26th January 28F,-3C, windy and getting windier, overcast, snow flurries. I got so cold half way round I had to put on my waterproof jacket to protect myself from the wind. I was literally shivering in the Belstaff jacket. My wife told me to put on something warmer but our hero thought he knew better. He was wrong.

I was looking for more and bigger pipe clips. To allow me to fit and remove a cut down rucksack frame to use as a carrier. No luck so far on the clips. The frame was dirt cheap, ultralight and perfect to keep the bag off my heels and the chain. These clips are a stroke of genius (not mine) because they are strong and have a threaded brass insert. So pairs of different sizes can be screwed together back to back. Then just clipped onto the trike's seat stays and rucksack frame. I was hoping to sneak out again this afternoon but was grounded. 23 miles.

 27th 19-28F, -7-2C, almost still, sunny, cold. I wore two jackets today and was glad for both until I headed home and took one off. The heaviest Thinsulate gloves were not warm enough again until later when it had warmed up a bit.

My right buttock is hurting from lifting a load of 10kg bags (20lbs) of stove fuel in and out of the car. It's making it quite hard to walk and lift my leg over the saddle. I thought the cycling had cured this problem! I had it just before I was made redundant and it was crippling. I thought it was sciatica at the time. My right knee is still complaining on hills but not too badly. Poor old devil! :-)

The chain is suddenly jumping again , like it did last spring, when I started messing about with gear hangers. So I bought a new, cheap, "rustfree" chain. Yet to fit it. No pipe clips for the carrier anywhere in town. Will have to keep looking. 21miles.
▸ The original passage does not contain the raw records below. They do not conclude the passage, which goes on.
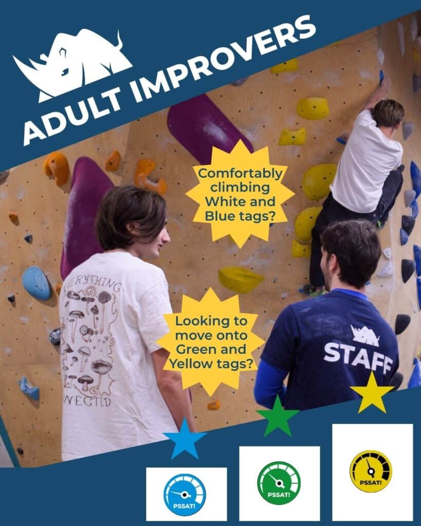 Our Adult Improver courses are designed to guide you through the first 3 intensity levels of our gym and get you feeling confident on the wall in general.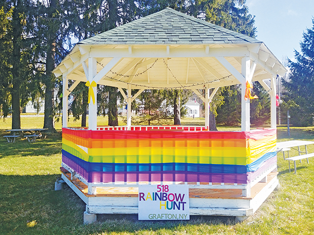 There was a rumor that leprechauns had been busy decking the gazebo in the Grafton Town Park this past weekend, bringing the 518 Rainbow Hunt message of Hope during this time of COVID-19 to the forefront for all to see. The Eastwick Press looked into this, and found it was not leprechauns at all, but the work of two town residents, Amy Reger and Madonna Crandall Roy, with a little help from Amy’s husband Rich.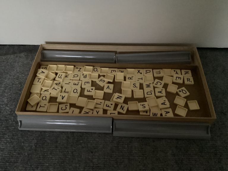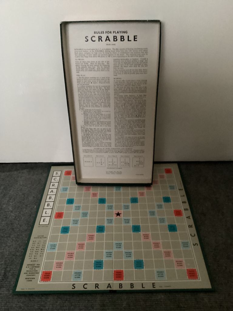 Scrabble board game, made in England by Spear’s with a grey / green board measuring 36 x36 cm Plastic racks 4of & tiles with black writing approx 2cm x2cm .Rules on back of lid. Approx 100 letters. In really good condition

 I put on the new chain and finished the rack. The chain grease I had been spraying was glued all over the frame and components. It took an hour and spray-on engine cleaner to make any impact on the gooey mess. I even cleaned the wheels! Then I was kept awake much of the night with aches and pains. 

28th 18-29F, -8C-1C, light breeze increasing, clear and bright. Hard overnight frost. I took some pictures of the rack and scribbled while I waited for early coffee and toast.
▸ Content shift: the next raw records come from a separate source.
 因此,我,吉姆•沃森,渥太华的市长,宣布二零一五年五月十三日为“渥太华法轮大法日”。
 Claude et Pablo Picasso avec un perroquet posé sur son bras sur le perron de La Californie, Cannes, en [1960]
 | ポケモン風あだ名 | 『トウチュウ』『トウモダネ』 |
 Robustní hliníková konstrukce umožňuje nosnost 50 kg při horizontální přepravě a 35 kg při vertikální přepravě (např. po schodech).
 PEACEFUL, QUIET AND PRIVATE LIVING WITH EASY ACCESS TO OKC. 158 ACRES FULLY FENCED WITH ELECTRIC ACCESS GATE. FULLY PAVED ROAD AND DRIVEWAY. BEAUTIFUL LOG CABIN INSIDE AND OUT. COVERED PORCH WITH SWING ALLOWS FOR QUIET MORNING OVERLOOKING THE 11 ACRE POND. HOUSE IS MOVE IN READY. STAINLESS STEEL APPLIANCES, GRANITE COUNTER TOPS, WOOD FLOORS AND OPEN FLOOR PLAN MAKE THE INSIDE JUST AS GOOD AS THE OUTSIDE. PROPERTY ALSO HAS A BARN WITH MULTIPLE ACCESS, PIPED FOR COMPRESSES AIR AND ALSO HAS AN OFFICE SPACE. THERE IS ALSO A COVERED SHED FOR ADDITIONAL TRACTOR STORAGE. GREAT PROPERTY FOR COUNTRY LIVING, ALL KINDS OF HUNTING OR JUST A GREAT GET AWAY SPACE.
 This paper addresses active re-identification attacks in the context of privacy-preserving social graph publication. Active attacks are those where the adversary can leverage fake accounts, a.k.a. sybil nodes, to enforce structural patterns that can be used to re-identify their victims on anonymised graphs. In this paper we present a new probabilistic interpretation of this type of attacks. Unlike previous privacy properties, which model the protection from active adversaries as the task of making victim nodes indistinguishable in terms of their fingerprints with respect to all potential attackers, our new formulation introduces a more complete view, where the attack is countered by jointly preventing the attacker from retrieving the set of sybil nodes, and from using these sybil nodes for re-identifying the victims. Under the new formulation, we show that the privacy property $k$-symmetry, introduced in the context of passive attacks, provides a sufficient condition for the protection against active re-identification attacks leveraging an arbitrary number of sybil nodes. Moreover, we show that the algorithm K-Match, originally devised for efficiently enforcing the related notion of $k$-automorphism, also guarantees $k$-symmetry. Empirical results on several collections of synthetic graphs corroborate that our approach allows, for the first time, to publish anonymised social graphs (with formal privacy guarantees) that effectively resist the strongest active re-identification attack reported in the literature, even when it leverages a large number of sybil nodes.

When I set off after coffee I quickly discovered I had terrible chain slip. This was a brand new chain which had been carefully measured to match the last. Since I could use at least one gear I decided to press onto see if the chain would break in. After a lot of clonking and losing speed on the hills it began to behave a bit better. I adjusted the rear changer cable slightly and this helped a bit more. It said on the packet that the chain was suitable for up to 24 gears. 

A small bird of prey flew across the road right in front of my wheel. There were lots of buzzards about today too and a couple of hundred ducks on a village pond with a clear spot for bathing. A vast flock of crows were having a meeting out on the fields. A daily occurrence at the moment. Though never so many as I saw today. They were making a dark, moving cloud like starlings and were audible from a great distance. Great crowds of Rooks are also numerous on the bare fields and very tame. Remaining feeding as as I pedal past within a few short feet. 
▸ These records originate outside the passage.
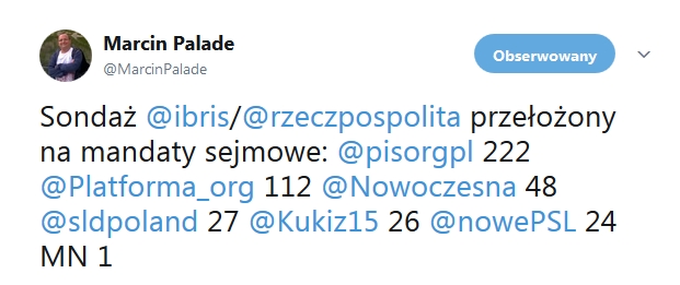 Z obliczeń Marcina Palade wynika, że PiS utracił zdolność do samodzielnego rządzenia.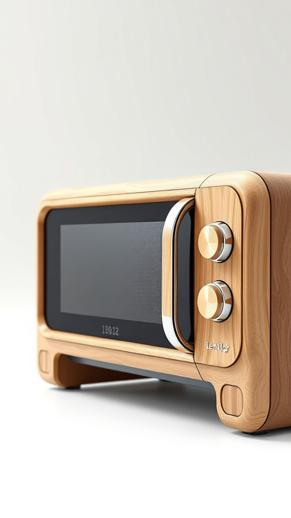 Futuristic microwave crafted from sustainable wood, featuring a modern design with intricate details, presented in an artstation style digital artwork. Hyper-realistic rendering with a white background, created using unreal engine technology. The image is in 8K resolution with a depth of field effect, showcasing a harmonious blend of technology and nature, reflecting eco-friendly innovation. Aspect ratio 1:1.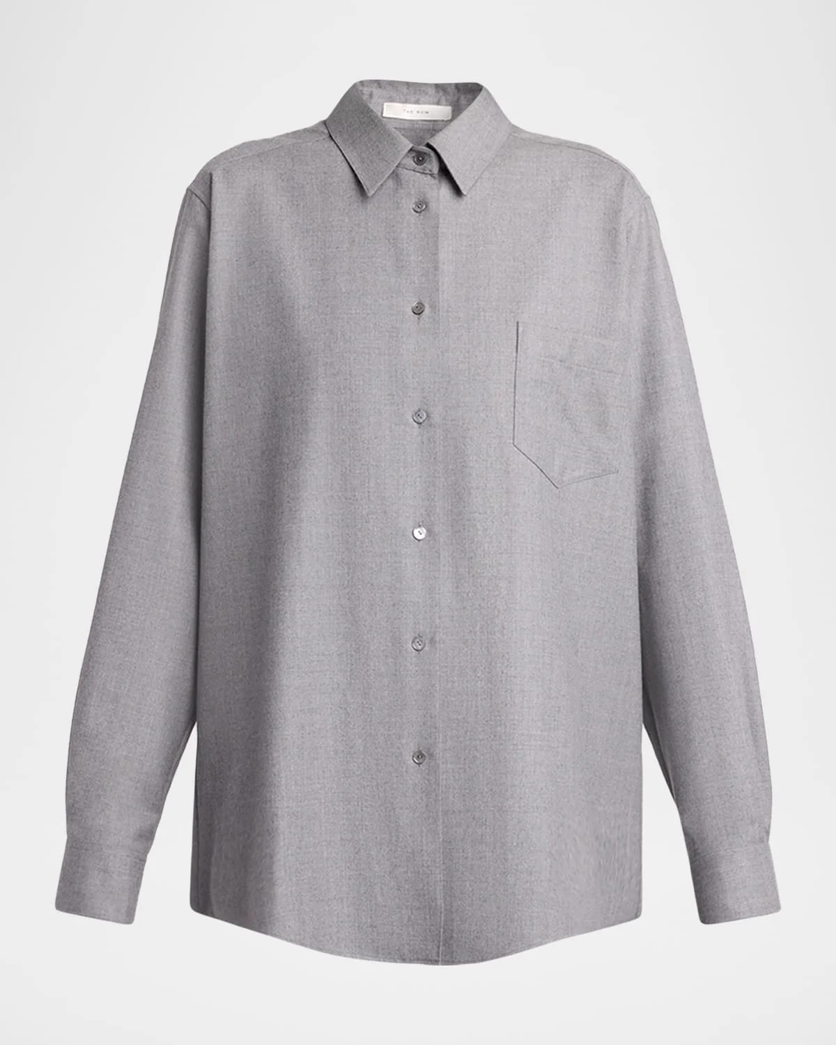 THE ROW "Pino" shirt in woolblend Point collar; button front Long sleeves; button cuffs Chest patch pocket Loose fit Virgin wool/silk Made in Italy

I was wearing two jackets again today but it felt very cold on my face. After the first stop for shopping I took off the thicker jacket and kept the Belstaff on. The wind was behind me and I was climbing at 20mph and 115rpm for a while. The middle leg across the wind was okay but then I had to ride about 12 miles into the wind. I was getting tired, cold and hungry towards the end but hadn't taken anything to eat. It would have been quite a detour to reach a shop and buy a snack. So I plodded on to fill my face when I finally reached home. 34 miles.

29th 28-34F, -2+2C, light breeze, sunny becoming overcast. Chain still misbehaving but better. I went off-road for a couple of miles today. Followed a lane which petered out into the most horrendous, rutted mess you've ever seen. The trike was leaning all over the place and so was I as I snaked between isolated farms up hill and down dale. I ended up almost back where I started! Good fun but I won't need to do it again now I've been along there! :-)

My right knee is still slightly painful. So I'm trying to protect it with high revs even if it means crawling uphill. The glut pain has gone away for the moment. Note to self: Avoid weight lifting. The new bag is really capacious but is still prone to diving into the spokes on pavement ramps despite tying it to the carrier. 26 miles.

30th 28-35F, -2+2C, still, sunny. A glorious day for a ride. The sun made it feel warmer than it was. I was comfortable in the Belstaff jacket and middle weight Thinsulate gloves. I was climbing better than ever before on some long drags.  Not fast, but almost effortless at times despite and heavy load of shopping.

I think I have solved the bag swinging problem by triangulating the chords from the carrier to the shoulder strap eyelets and the saddle pin. Tipping the trike over on its side proved that the bag would not move.

I have replaced the front centre pull with another deeper model. I also trimmed the brake blocks to allow clearance between the pairs of blocks on each side. The braking is now much more positive. The chain is behaving itself better on each ride. I presume it is stretching over a worn cassette or chainwheels. Odd, because the old Sram chain didn't start jumping until the last couple of days.  26 miles. Plus 6 more pm.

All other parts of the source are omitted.